Все посмотрели в сторону касс — кто с живым интересом, а кто в слабой надежде, что этот нелепый и неуместный резкий звук наконец пресечется. Звонок между тем и не думал униматься, и даже напротив, сделался громче и пронзительнее.
— Заткните же его, наконец, — сказала Анна, глядя на меня, — или хотя бы ответьте.
Теперь пришла моя очередь удивляться:
— Почему я?! Мне он мешает меньше всего...
Ее довод был неотразим:
— Вы единственный, кто способен передвигаться.
— Ладно, — сказал я сквозь зубы. — Тогда уж и вы сделайте одолжение, никуда без меня не уходите.
Со стороны странствующих фейри донесся бледноватый смех.
Я пересек зал ожидания — стук шагов, перемежаемый трезвоном, казался громоподобным, — толкнул дверь в кассовый закуток. Она не поддалась: явный признак того, что работники станции не покидали рабочие места в панической спешке, а спокойно эвакуировались, возможно даже — в расчете на скорое сюда возвращение, если напасти вдруг рассеются, как это до сей поры и случалось в этом мире со всеми напастями... Телефон рявкнул с особым усердием и даже, кажется, злорадством. Я стиснул зубы и приналег. Касса была режимным помещением, а дверь — металлической, обычному человеку здесь ничего не светило без набора отмычек или автогена. Я огляделся. Отмычки под ногами не валялись, автогенная установка в темном углу тоже не маячила, иными словами — рояли в кустах нынешним раундом игры предусмотрены не были, либо закончились. И, вдобавок ко всему, за мной внимательно следили шесть пар глаз.
Многослойная фанера, обшитая металлом... это не Форт Нокс, не бетонный саркофаг над чернобыльским реактором, так — безделица для проницания.
— Смотрите, птица! — воскликнул я и ткнул пальцем в сторону окна.
Как только все взгляды устремились к несуществующему пернатому, я просочился сквозь запертую дверь и оказался в полной темноте.
Выключатель нашелся там, где я и ожидал, и, что поражало, сразу же вспыхнул свет.

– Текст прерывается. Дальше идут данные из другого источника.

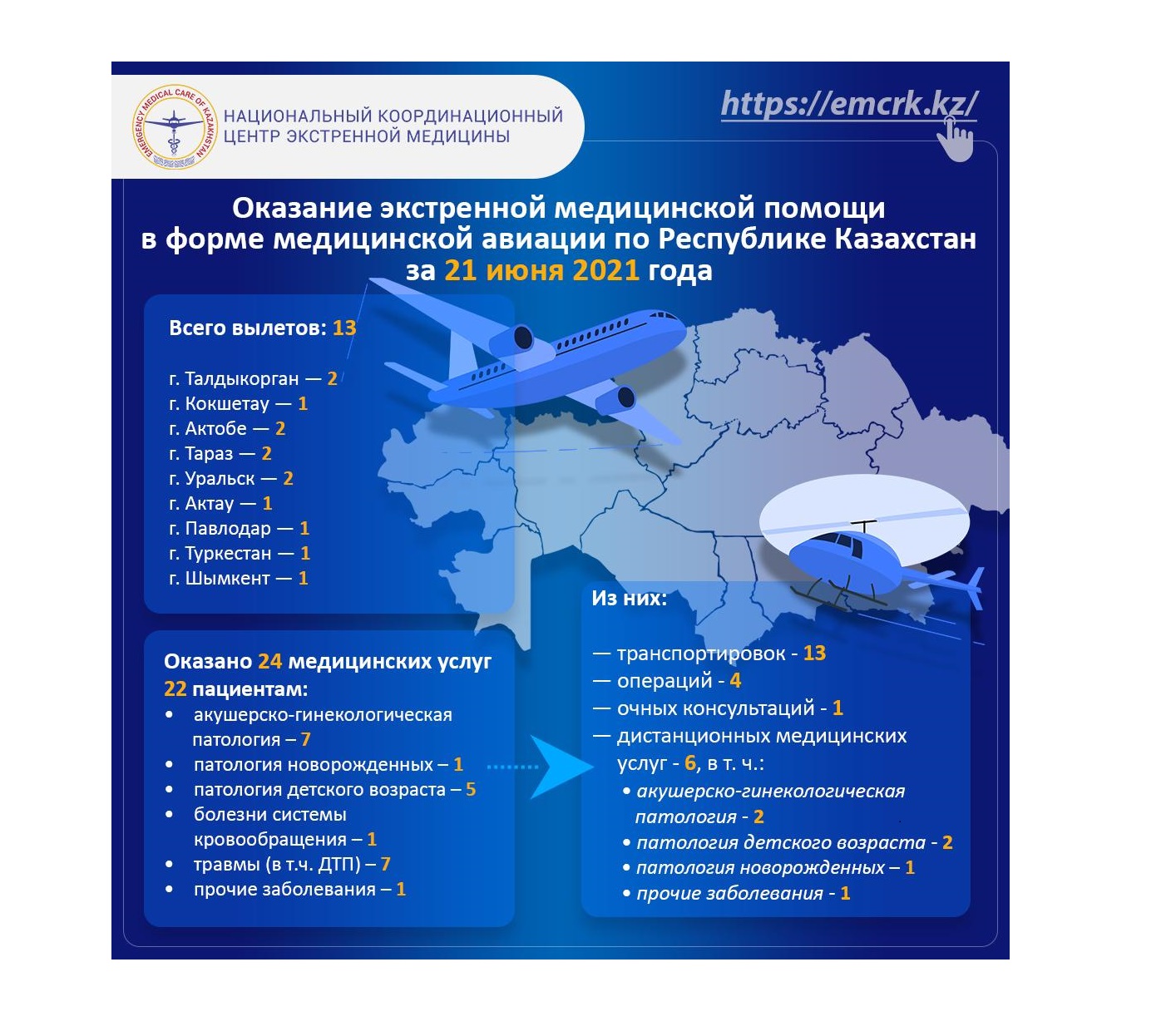 Оказание экстренной медицинской помощи в форме медицинской авиации по Республике Казахстан за 21 июня 2021 года
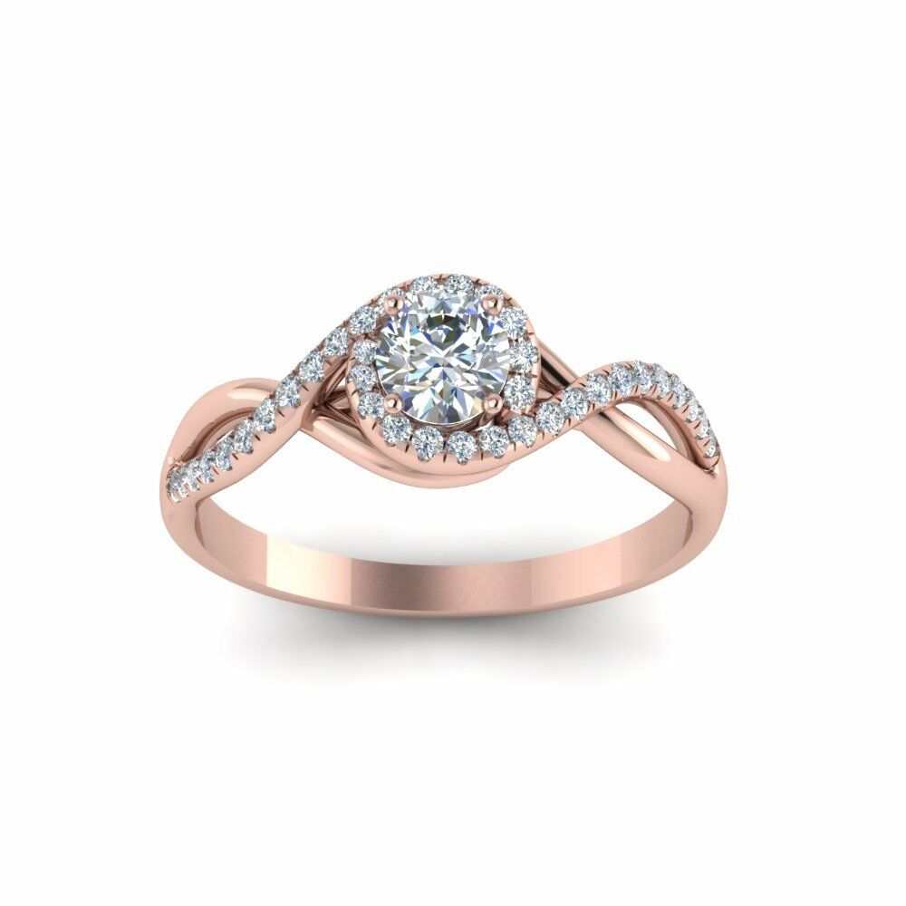 1ct Round Diamond Infinity Swirl Solitaire Engagement Ring 14k Rose Gold Finish
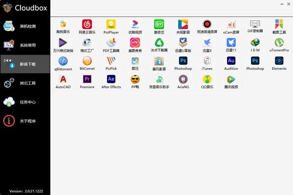 Cloudbox是一款强大的工具箱软件,支持装机检测、系统常用、影音下载等各种关于系统方面的软件,功能强大,操作简单,需要的朋友快来下载吧。
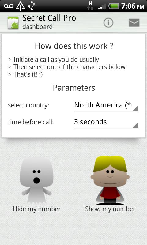 2. Then select one of the adorable characters that will appear to hide/show your caller ID
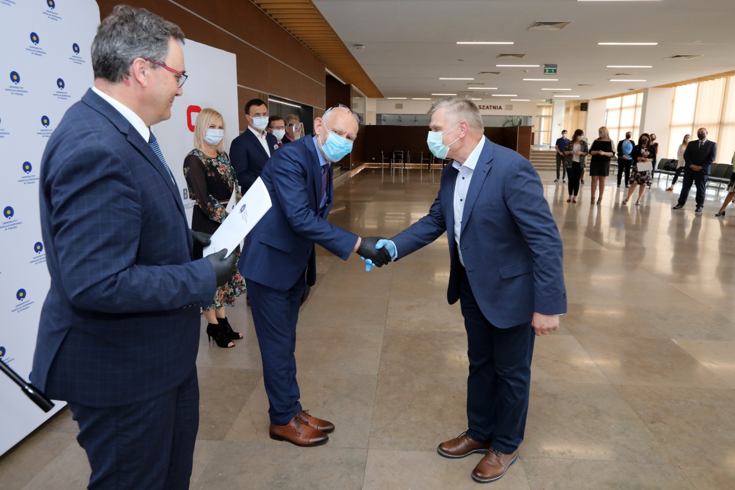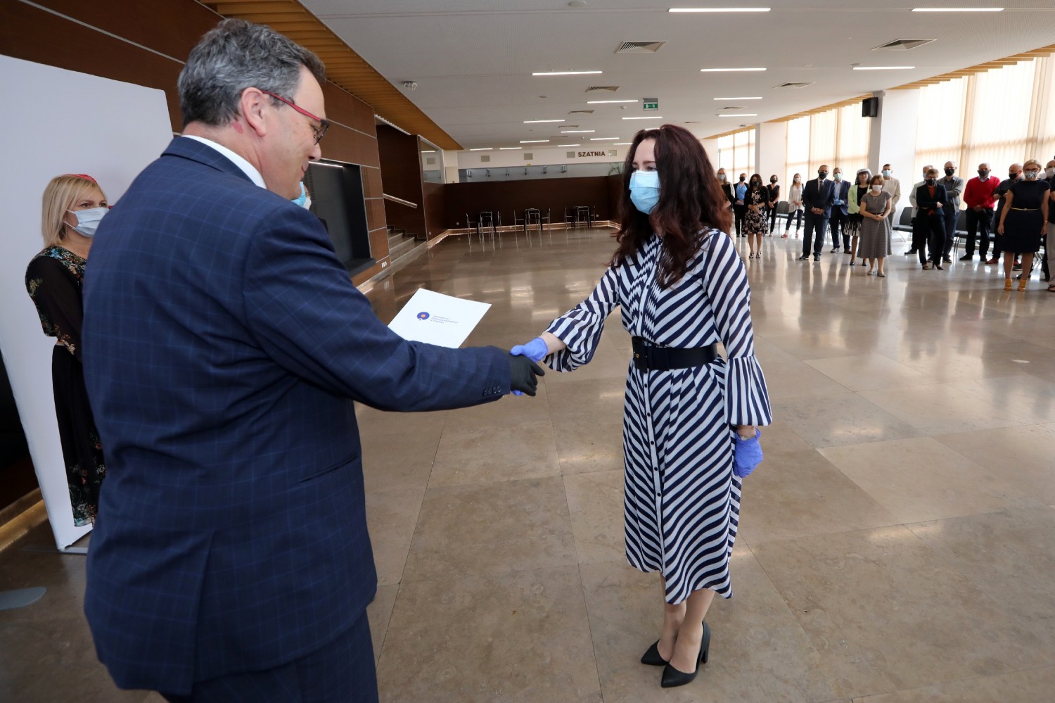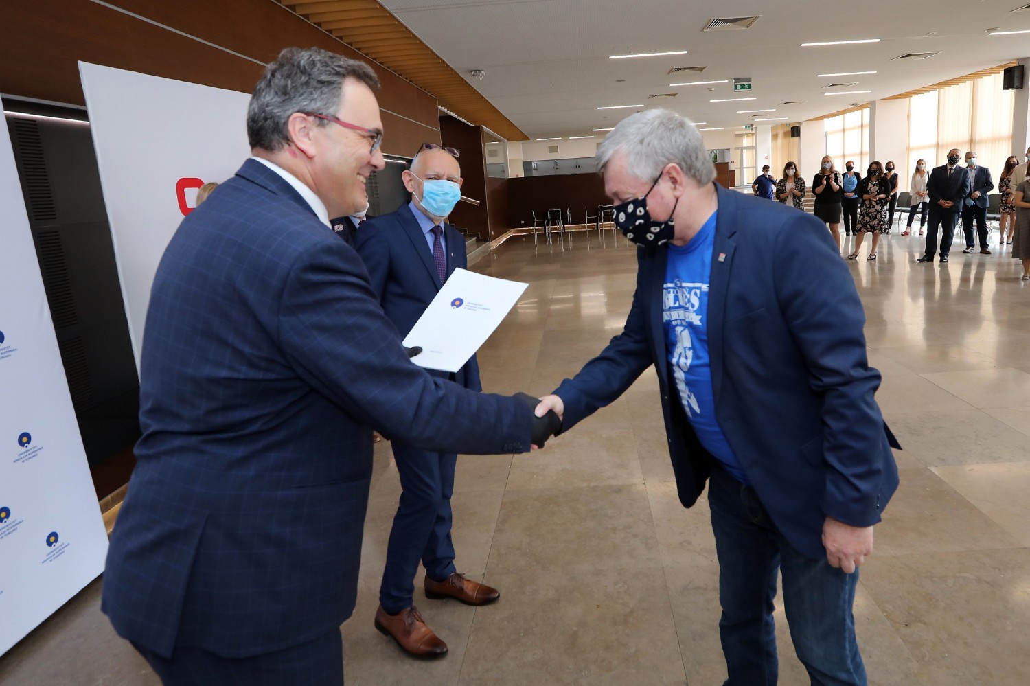 Nagrody i wyróżnienia wręczali prorektor prof. dr hab. Andrzej Sokala, kanclerz dr Tomasz Jędrzejewski, Dyrektor Biblioteki Uniwersyteckiej dr Krzysztof Nierzwicki i dyrektor Uniwersyteckiego Centrum Informatycznego dr Tomasz Wolniewicz.

Без промедления зазвонил телефон, обнаруживая свое местонахождение — в углу стола, под грудой пустых папок, в которых, должно быть, некогда хранились документы строгой отчетности.
Я снял трубку.
— Алё! — рявкнули мне в ухо. — Диспетчер, мать твою, одна нога тут, другая там, на перрон с флажками, сейчас литерный проследует без остановок, а у тебя там какие-то блядские цистерны кантуются!..
— Это касса, — сказал я холодно.
— Касса?! Кой хрен касса, литерный на подходе!
— Ничем не могу помочь, — произнес я и положил трубку.
Звонок.
Я намотал шнур на кулак и с остервенением выдрал из розетки.
Звонки не прекратились, а следовали один за другим, словно несколько международных линий одновременно решили свести с ума бедного кассира.
Я посмотрел на обрывки шнура в руке.
Кое-кто умеет настоять на своем...
Мне ничего не оставалось, как снова снять трубку.
— Это касса, — сказал я. — Вы попали в кассу. Но я не кассир, и уж никаким боком не диспетчер, так что мне ваш литерный на фиг уперся. Тем более что никаких цистерн там нет и в помине. И не звоните сюда больше.
— Знаю, — ответили мне спокойно. — Ты не кассир, ты танкист.
— Хм... Я не умею заводить танк
[74]
.
В трубке прошелестел смешок.
— А теперь давай, наконец, поговорим.
Голос был мужской, обычный, приятный такой баритон, из тех, что объявляют остановки общественного транспорта. Вот только интонации показались мне несколько механическими.